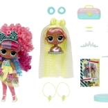 Laleczka jest ubrana w jasne stylizacje, a jej włosy i akcesoria są w modnych kolorach, które przyciągają każde dziecko.
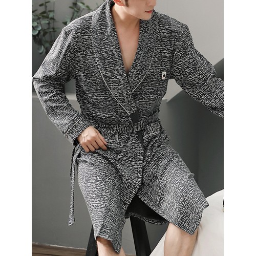 Mens Solid Color Letter Embroidery Double Pocket Lapel Sleepwear Robes With Sashes
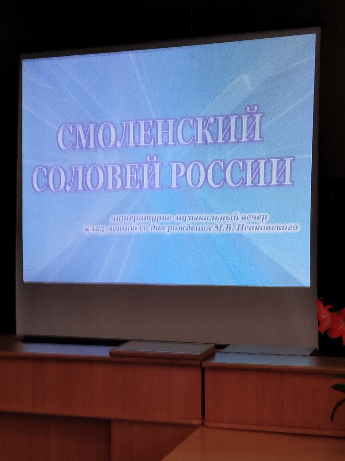 Клиенты отделения социальной реабилитации и активного долголетия БУОО «КЦСОН Болховского района» 27 марта посетили литературно-музыкальный вечер «Смоленский соловей», посвященный 125-летию со дня рождения выдающегося поэта-песенника Михаила Васильевича Исаковского. Присутствующие узнали о ключевых моментах биографии и познакомились с его поэтическими произведениями. Настоящим украшением вечера стало исполнение песен, написанных на стихи М. Исаковского, народным любительским коллективом «Вдохновение» совместно со всем залом: «Катюша», «Дайте в руки мне гармонь», «И кто его знает», «До свиданья, города и хаты», «Дан приказ: ему -на Запад, ей-в другую сторону», «Огонёк», «В лесу прифронтовом», «Лучше нету того цвету», «Услышь меня, хорошая», «Одинокая гармонь», «Каким ты был, таким остался», «Ой цветёт калина», «Враги сожгли родную хату», «Будьте здоровы, живите богато» . В зале была оформлена выставка «Лирика народных чувств», на которой были представлены сборники стихов поэта и литература о его жизни и творчестве, с которой познакомились все присутствующие.
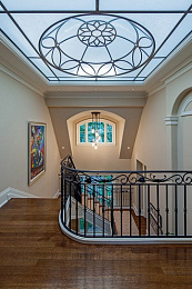 Особенность данного лестничного ограждения это использование в кованом орнаменте декоративных штампованных и литых элементов.
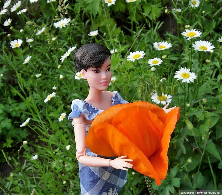 Юки нашла мак среди ромашек.
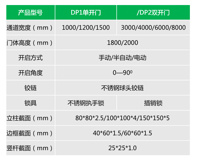 DP1/2单/双扇平开门主要应用于人员通道及消防通道的管理。可实现手动开/关门,也可实现电动开/关门或手动开门闭门器自动闭门。 锁具可根据不同的场景需求选择执手锁、插棍锁、电磁锁等。门轴可选择可调节不锈钢球头铰链及重型门专用闭门铰链等。
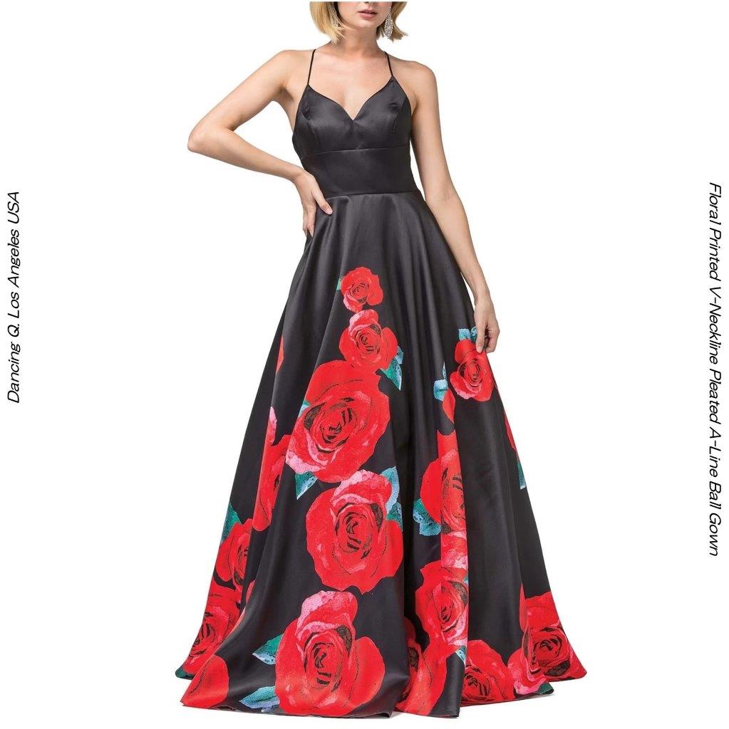 Aラインドレス サテンプリント 花柄プリント スパゲッティストラップ ブラックマルチ レッド インポートドレス大阪 プロム 演奏会...
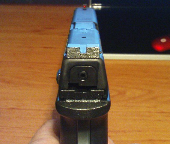 Prednji ciljnik na Glocku je plastični sa utorom koji nasjeda na navlaku, a osigurava se tankim i plastičnim štiftom koji se za svaki slučaj i zalijepi.
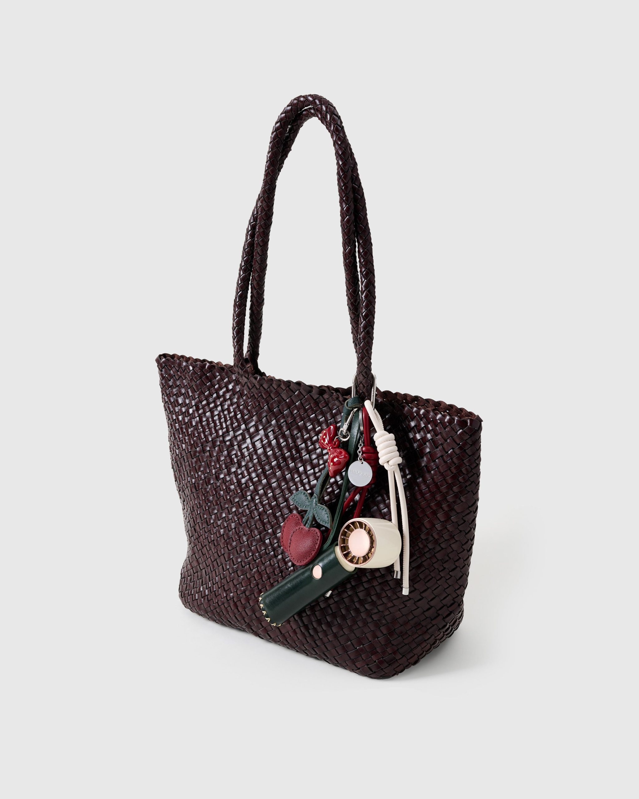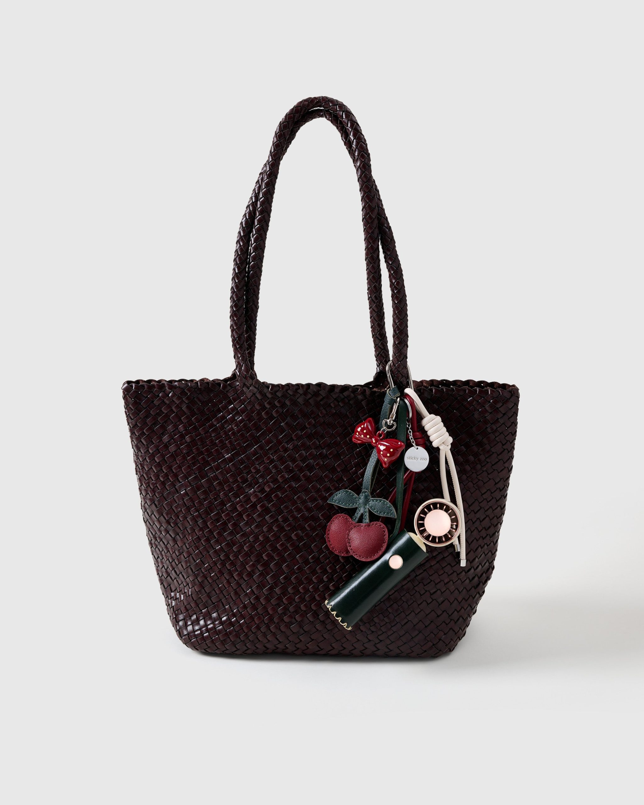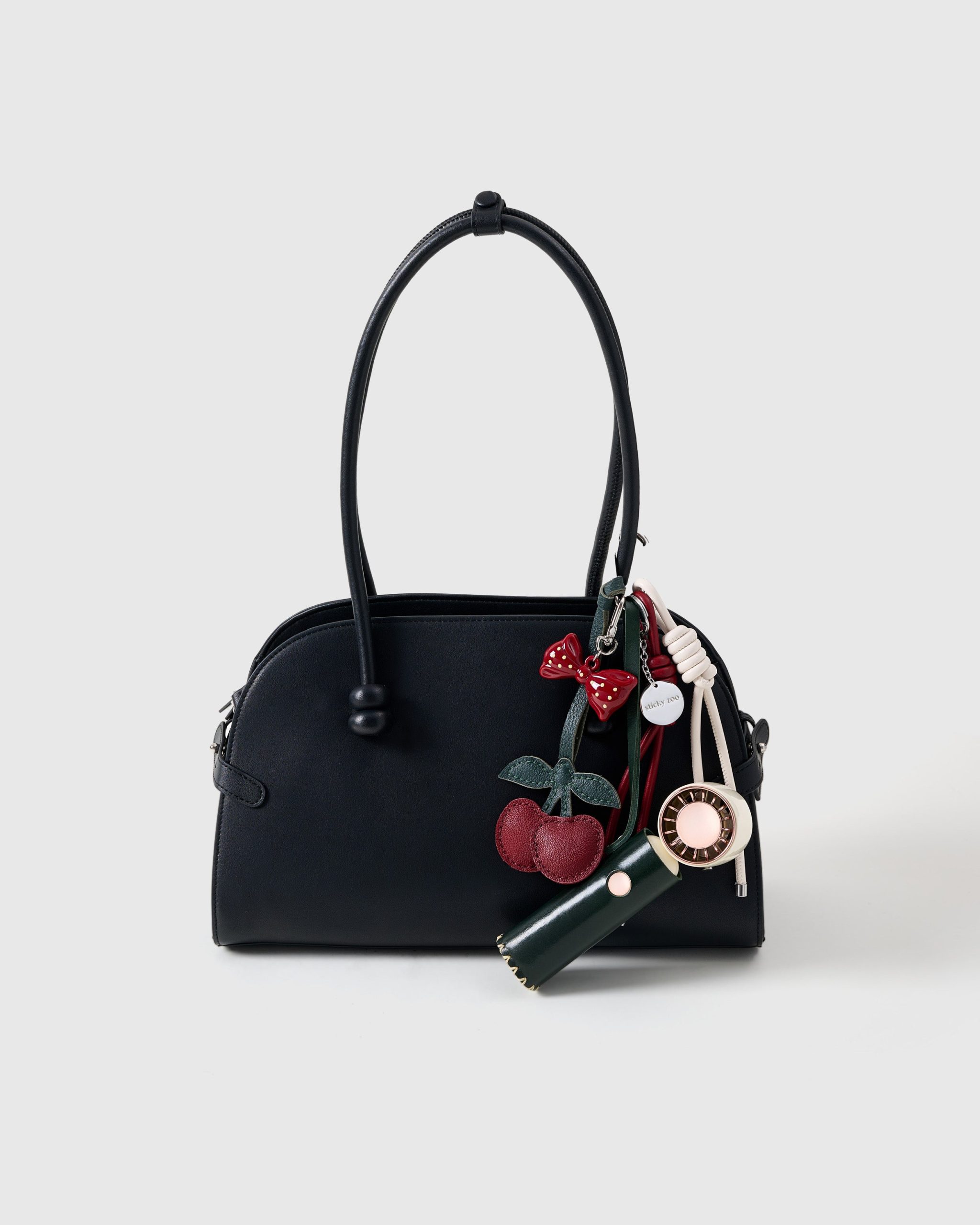 This one’s cherry-picked to perfection. The Cherry Charm – Cool Stack features a deep forest leather shell, glossy bow topper, and stitched double-cherry dangle for that polished-yet-playful vibe. But it’s not just a looker—hidden inside is a rechargeable, whisper-quiet mini fan (yep, really), perfect for heatwave commutes or glam breaks between snaps. Finished with vanilla and cherry red Sticky Zoo® ropes and a stainless steel hook engraved with our logo, it’s everything you didn’t know you needed, but now totally do.

• _Your objective_
Stop at the line containing "Особенность данного лестничного" and include it. Everything from the first line of the material up to there is to be repeated exactly, leaving out pictures.

• _Response to the task_
 Laleczka jest ubrana w jasne stylizacje, a jej włosy i akcesoria są w modnych kolorach, które przyciągają każde dziecko.
 Mens Solid Color Letter Embroidery Double Pocket Lapel Sleepwear Robes With Sashes
 Клиенты отделения социальной реабилитации и активного долголетия БУОО «КЦСОН Болховского района» 27 марта посетили литературно-музыкальный вечер «Смоленский соловей», посвященный 125-летию со дня рождения выдающегося поэта-песенника Михаила Васильевича Исаковского. Присутствующие узнали о ключевых моментах биографии и познакомились с его поэтическими произведениями. Настоящим украшением вечера стало исполнение песен, написанных на стихи М. Исаковского, народным любительским коллективом «Вдохновение» совместно со всем залом: «Катюша», «Дайте в руки мне гармонь», «И кто его знает», «До свиданья, города и хаты», «Дан приказ: ему -на Запад, ей-в другую сторону», «Огонёк», «В лесу прифронтовом», «Лучше нету того цвету», «Услышь меня, хорошая», «Одинокая гармонь», «Каким ты был, таким остался», «Ой цветёт калина», «Враги сожгли родную хату», «Будьте здоровы, живите богато» . В зале была оформлена выставка «Лирика народных чувств», на которой были представлены сборники стихов поэта и литература о его жизни и творчестве, с которой познакомились все присутствующие.
 Особенность данного лестничного ограждения это использование в кованом орнаменте декоративных штампованных и литых элементов.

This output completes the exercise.